Dear Is This Normal,
My husband and I both have demanding jobs. One might say mine is more demanding, with off-hours calls to other continents, international travel, and a higher intensity work environment. Yet, our nanny, whom we generally adore, assumes I will be the one to plan birthday parties, bow out of work to attend dance class, be the primary decision maker on all questions related to our daughters, take the girls to the doctor….you get it.
Somehow my brain’s first response to these scenarios is guilt (of course) because, no, I can’t skip my five calls this morning to go to story time with them, and no, I don’t plan on throwing a Pinterest-inspired birthday bash for my toddler. I don’t have the time or energy! Is it normal that my nanny, who sees me running around like a madwoman to keep up with work and all the demands of parenting on a daily basis, treats me as if my job is an optional activity?
I Won’t Be Shamed for Being a Working Mom
Dear Working Mom,
UGH. Ok, I want to first say: GO ON WITH YOUR BAD SELF. I know this working mom thing isn’t easy, not by a long shot, so the fact that you’re doing it and succeeding at it deserves an immense amount of credit. I am also very intimately acquainted with the working mom guilt you speak of, and it’s the worst. Working moms, whether they work by choice or necessity, are doing what they need to do for themselves and their families. And rather than shame us for it, it’d be SUPER great if people could be more supportive and just worry about their own selves, yes? Yes.
Now that I’ve gotten that off my chest, let’s talk about this nanny situation! This is really really indicative of a broader, societal problem where people assume that women—because we are women—will just automatically take the reins when it comes to parenting, home life, and anything kid-related. And that is not the case in so many families, especially modern families with at least one working parent. We went in on those kids 50/50, so dammit, we’re splitting the work.
I don’t think your nanny means any harm by it, but sadly, I would say it’s normal to assume that the mother will be the one to drop what she’s doing to tend to the kids, or plan the parties, or call out sick when their kid is sick. Perhaps your nanny has some deeply-held beliefs about motherhood and working moms, and has a hard time separating that from the work she does for your family. Or perhaps, she just assumes that (again) because you’re a mom, this stuff falls under your umbrella. All things considered, if this is the only issue you have with her, you may be inclined to let it slide. But that doesn’t mean you and your husband shouldn’t address it with her.
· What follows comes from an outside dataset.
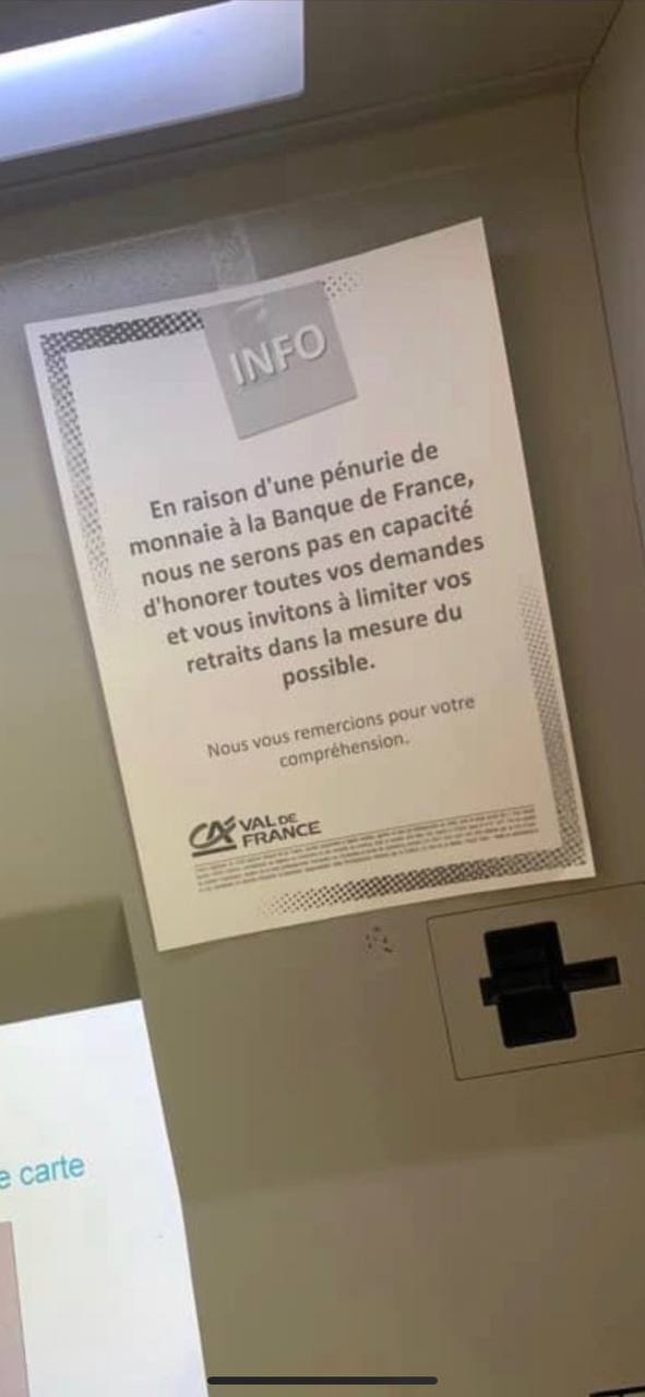 L’imagination malfaisante de l’oligarchie mondialiste est sans limite. Voici la nouvelle étape orchestrée par les adeptes du Forum économique mondial de Davos et appliquée par leurs exécutants en France : la pénurie de monnaie, prétexte supplémentaire pour préparer les esprits aux seules transactions numériques et à la disparition programmée de l’argent liquide.

If you and your husband are on the same page as far as handling kid stuff as it comes up, then it’s time to have a sit down with your nanny and get her on the same page, too. Is it possible that she just doesn’t know that he can do a lot of the stuff she assumes you should do? Because he can! He can totally take the girls to dance (dance dads are awesome), and he can 100% take them to doctor’s appointments.
It might be time to gently remind your nanny that your daughters have two capable, involved parents, and that rather than single you out for this kind of stuff, she should start alerting BOTH of you and letting you guys hash out the details. Some days, you will be the one around to go to story time. But their dad will be around on some days, too, and not only is it burdensome on you to put it all on your plate, it’s actually kind of a slight to dad that she doesn’t even consider him in these situations.
Finally, I want to just say: screw the working mom guilt. Screw it! Don’t feel guilty for working, for enjoying your work, or for putting a lot of yourself into your work. There’s nothing shameful about providing for your family, and there’s nothing shameful about enjoying your job. You’re juggling a demanding job while raising your kids and you should be incredibly proud of that. It’s not easy, not by a long shot, but if it’s worth it to you, then it’s exactly what you should be doing.